‘I’ll be their ride or die’: State Sen. Jessica Scarcella-Spanton pledges her support to the LGBTQ+ community
STATEN ISLAND, N.Y. -- State Sen. Jessica Scarcella-Spanton has an unofficial mantra: show, don’t tell. And when an issue that affects those close to her arises in her home borough, the born-and-raised Staten Islander won’t hesitate to step in and lend some very public support.
Case in point: The freshman senator’s fight against the continued intentional exclusion of the LGBTQ+ community in the Staten Island St. Patrick’s Parade that has been ongoing for at least a decade.
Earlier this year, Scarcella-Spanton was present when the Pride Center of Staten Island and the Gay Officers Action League (G.O.A.L.) were violently turned away by the Richmond County St. Patrick’s Parade Committee at Blessed Sacrament R.C. Church in West Brighton while attempting to hand in their applications to march in Staten Island’s largest community event.

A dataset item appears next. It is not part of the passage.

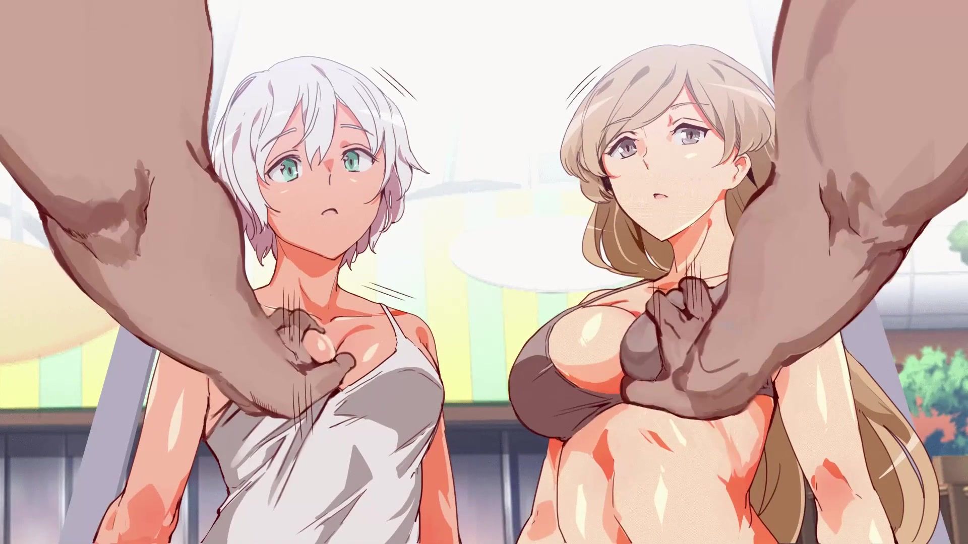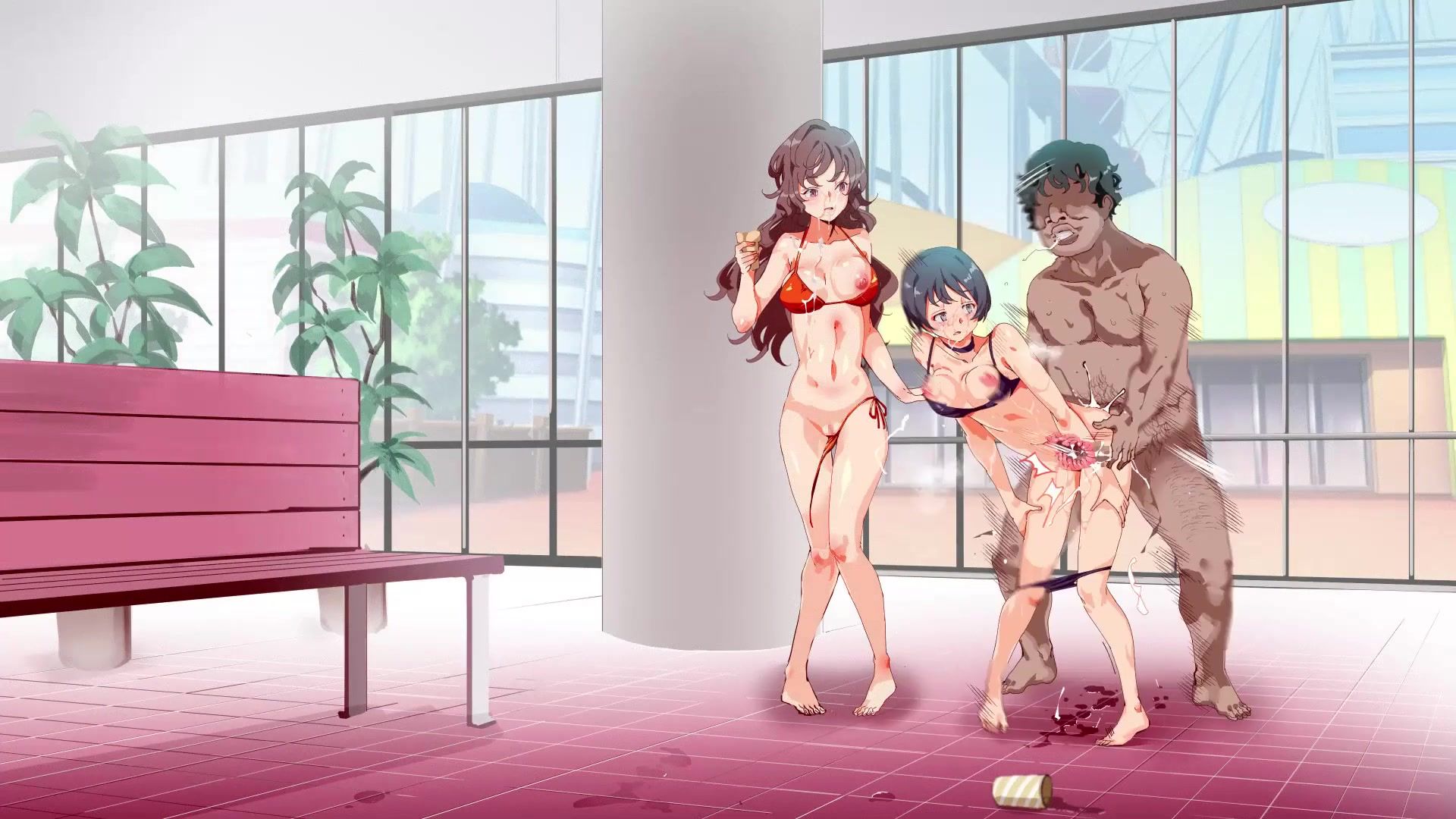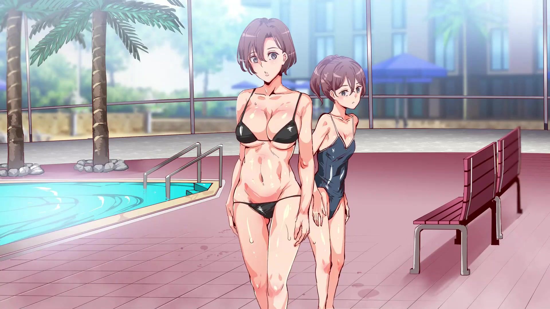 Tanned guy fucks young anime girls by the pool

While the applications were collected on parish property, Blessed Sacrament has no affiliation to the Parade Committee or its decisions.

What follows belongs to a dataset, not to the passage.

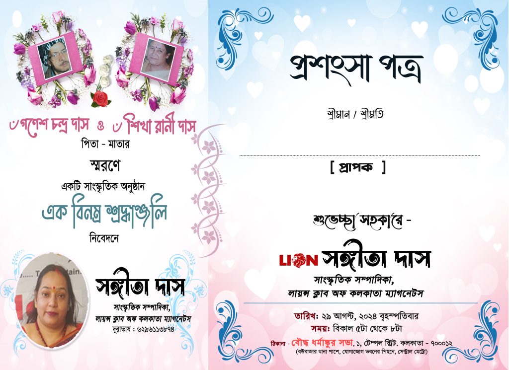 লায়ন সঙ্গীতা দাস, প্রতিভাবান কবি ও গায়ক এবং মাননীয় ড. LIONS CLUB OF MAGNATES-এর সাংস্কৃতিক সম্পাদক, বৌদ্ধ ধর্মাঙ্কুর সভাতে 29শে আগস্ট প্রাক্কালে তার প্রিয় বাবা-মায়ের স্মরণে একটি সাংস্কৃতিক অনুষ্ঠানের আয়োজন করেছিলেন।

She called out the discrimination during a pre-parade press conference, joined in on the unofficially named pro-LGBTQ+ “Rainbow Run” down Forest Avenue, and was the only public official to take part in a peaceful protest that stretched a long pride banner across the parade route ahead of the parade step-off. She also attended the Pride Center’s Crawl for All, held two weeks after the parade to drum up support for local businesses, where she reaffirmed her commitment to the LGBTQ+ community and its battle for inclusion.

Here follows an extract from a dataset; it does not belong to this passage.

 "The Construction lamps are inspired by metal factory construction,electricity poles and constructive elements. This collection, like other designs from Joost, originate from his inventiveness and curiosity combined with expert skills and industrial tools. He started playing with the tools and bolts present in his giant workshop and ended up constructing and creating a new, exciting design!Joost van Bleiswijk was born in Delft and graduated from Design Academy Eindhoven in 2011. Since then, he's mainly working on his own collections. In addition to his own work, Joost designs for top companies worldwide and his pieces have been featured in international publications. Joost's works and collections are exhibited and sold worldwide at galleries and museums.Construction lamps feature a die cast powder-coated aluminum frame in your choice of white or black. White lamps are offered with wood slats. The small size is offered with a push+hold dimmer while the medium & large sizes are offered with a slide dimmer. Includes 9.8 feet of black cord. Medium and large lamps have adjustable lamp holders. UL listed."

“The Pride Center is a community organization that greatly benefits the LGBTQ+ community here on Staten Island, and they should be able to take part in any festivity they want to take part in,” Scarcella-Spanton told the Advance/SILive.com during a recent interview. “[The exclusion] is something that’s so hateful. It doesn’t represent the Staten Island community as a whole.